Recorded information |
= = = =
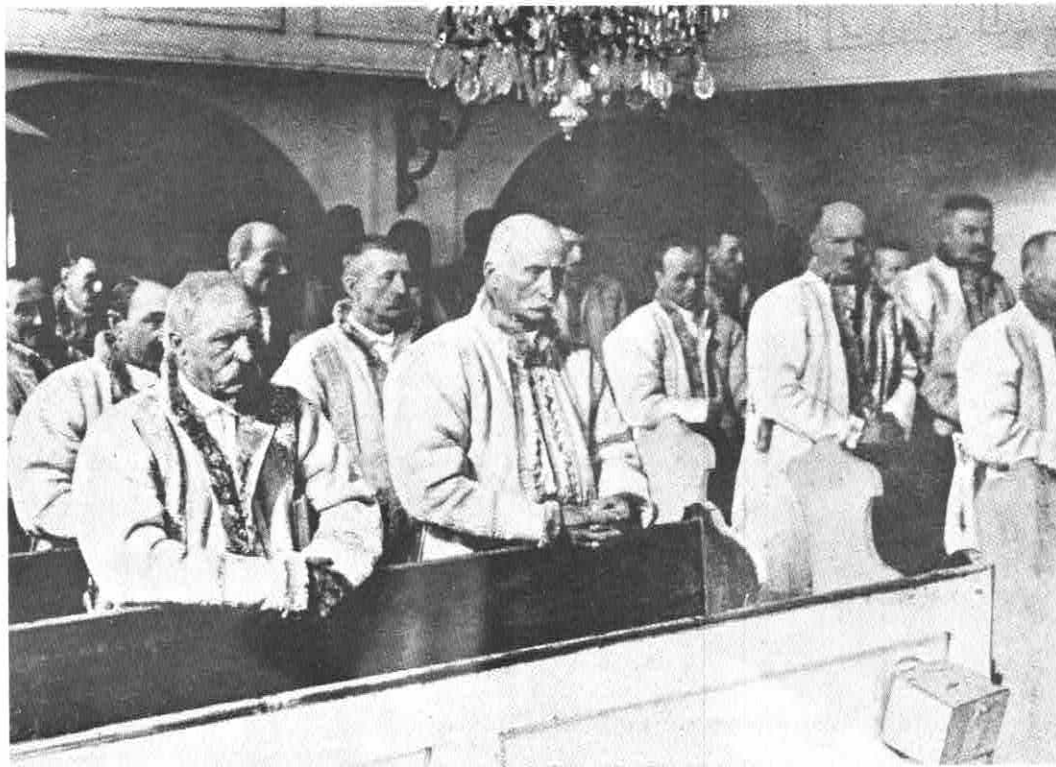
„SIEBENBÜRGISCHE BAUERN IN DER KIRCHE“
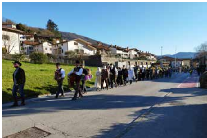
Pustna povorka po Kanalu
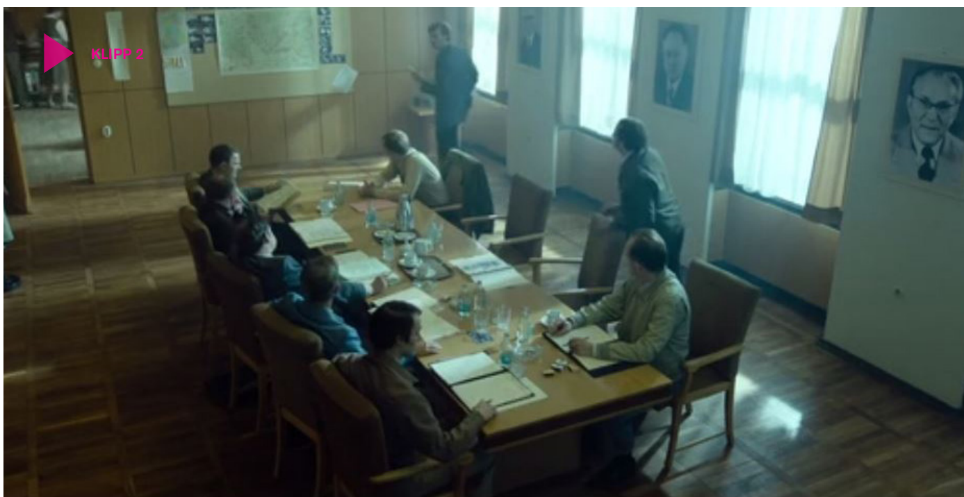
Klipp 2
= = = =
Retype the whole listing exactly. Do not include the pictures.

„SIEBENBÜRGISCHE BAUERN IN DER KIRCHE“
Pustna povorka po Kanalu
Klipp 2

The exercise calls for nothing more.